The Bank of America app runs on Graphene without issues however. So generally speaking it is not true that banking apps don't run on de-Googled phones. Here it is the developers that are to blame if they enforce compliance with Google's requirements and don't stick to the basic FOSS version of the OS.
And let's be honest, it's not like there hasn't been spent a decade or more, with thousands of developers working tirelessly on making Android as good as it is today. Like linux laptops not burning up immediately is itself a change upstreamed from android development, but that's just half of the story.
A mobile OS fundamentally needs a different application model -- apps can't just decide to run whenever they like. How will desktop GIMP know that it shouldn't waste my battery when in the background (unless it very specially requests it throuhg an API made just for that)? Does suspending it work as you expect? For how long will you suspend it, shouldn't you kill it as well after a while? Who saves stuff?
I can't help but feel that anyone strongly advocating for a GNU Linux phone (because let's be honest, Android is the linux phone) is just not familiar with the actual context of what it entails.
I maintain a project [1] that tries to collect and track them all, and ... at least for keeping track of how they all develop, there's not a few apps. ;-)
You currently list 720 apps, Google Play Store has 3.3 million.
Even if we assume that a good chunk of that may be "duplicate" in terms of functionality (e.g. todo apps), that is still just a completely different dimension of apps and use cases covered by android natively.

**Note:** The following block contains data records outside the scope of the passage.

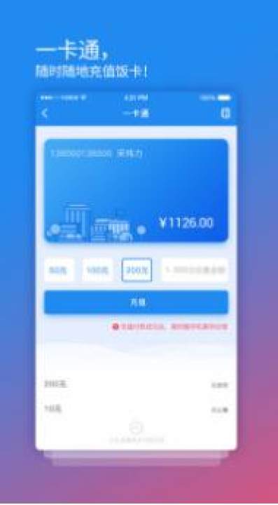 进入主界面后点击“ ”符号绑定饭卡,输入你的学号和姓名后点击确定,就可以清楚看到你的饭卡余额了,接下来,同学们就可以选择点击或输入想充值的饭卡费用,确定后点击“立即充值”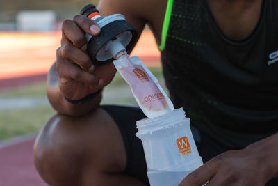 Alternez entre boisson sport et eau dans un seul bidon, en tirant sur la tétine.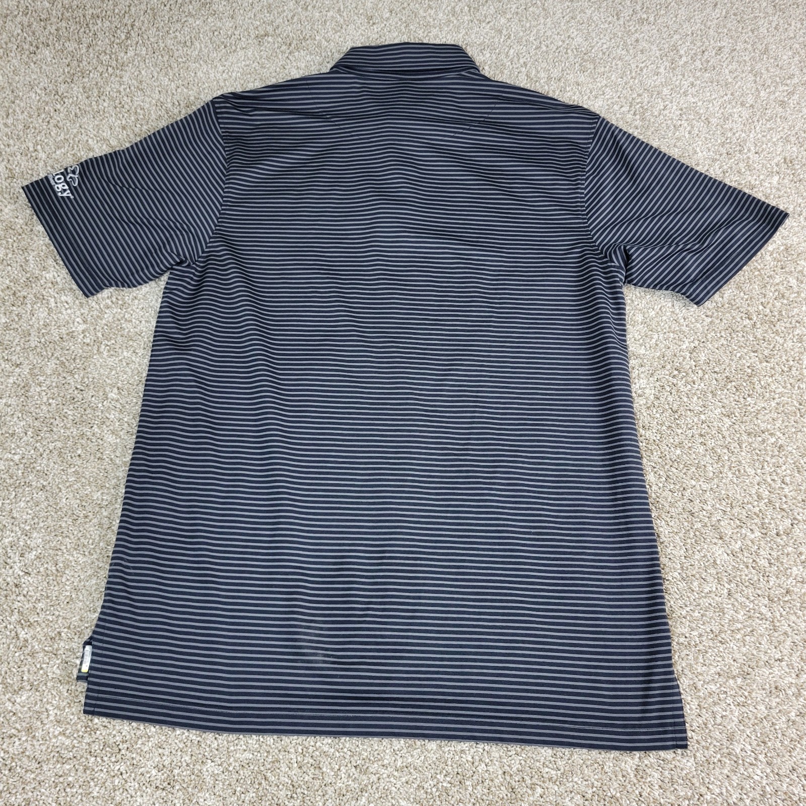 как выглядит Straight Down Mens Large Black Gray Striped Performance Stretch Polo SS фото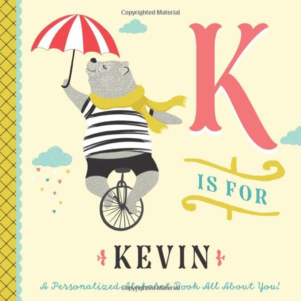 A Personalized Alphabet Book with Kevin’s Name! A is for amazing, that’s Kevin in every way! B is for the special way you brighten up each day. C is for your courage. You don’t fear what to do. D is for your daring. You always carry through. Kevin is your pride and joy—and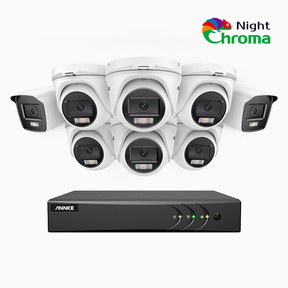 NightChromaTM NAK200 - 1080P 8 Kanal Kabelgebunden Überwachungskamera-Set mit 2 Bullet Kameras & 6 Turm Kameras, Acme Farbnachtsicht, F/1.0 Superblende, 0,0005 Lx, Aktive Ausrichtung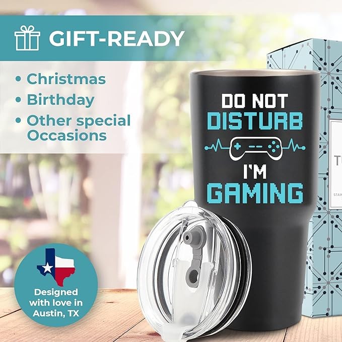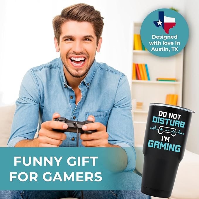?Funny Design: Designed with love in Austin, TX, this tumbler will make your loved one smile with its funny design! It has a high-quality print that says "Do not disturb, I'm gaming." This tumbler is also designed to be spill-proof so your loved one can carry it anywhere, whether at home, office, or during traveling. Great gaming gifts for teen boys, gifts for gamers men & gaming gifts for him!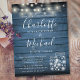 A stylish rustic wedding invitation postcard featuring pretty string lights, mason jars, signature style names and chic typography on a blue rustic wood background. Designed by Thisisnotme©

I don't recommend using the vast majority of mobile apps, which exist for data-mining and addiction-maintenance purposes. Android is specifically known as the worst ecosystem in this regard. Browsers continue to work, despite the corporate push to dark patterns.
It's Linux, if you need something you or someone else will eventually write it. But first there needs to be acceptable, working hardware. Enter the FLX1/s, and we come full circle.
Sure, the majority of mobile apps suck. But even then, 1% of it is still orders of magnitude larger than the number of "Linux" apps, and there are surely more actually decent mobile apps than that.
Besides, open-source doesn't have to be GNU, there are a bunch of open source apps on F-Droid.
I also reject non-free apps whose main purpose is to snoop on their users like Facebook. But what about dozens of FOSS projects like Home Assistant, Jellyfin, Nextcloud, KeePass and many others? All of these have polished clients that work perfectly on Android and provide an experience that rivals or surpasses commercial offerings. They took years to develop and I don't expect Linux phone versions will ever be released because of the chicken and egg problem. You can emulate these apps with Waydroid on a Linux device, but you will almost certainly lose some features like GPS access or notifications. At the end of the day, you will mainly be running Android apps anyway, free or non-free, so you are better off with an Android device in the first place.
I currently use 0 Android apps, so honestly believe one could survive without them.
I'm glad Waydroid is a thing for folks that are, and sorry attestation prevents full compatibility. But neither issue should get in the way of investment in modern Linux phones, which I've been desperately waiting for, for years.
Web apps are still a thing as well, believe it or not.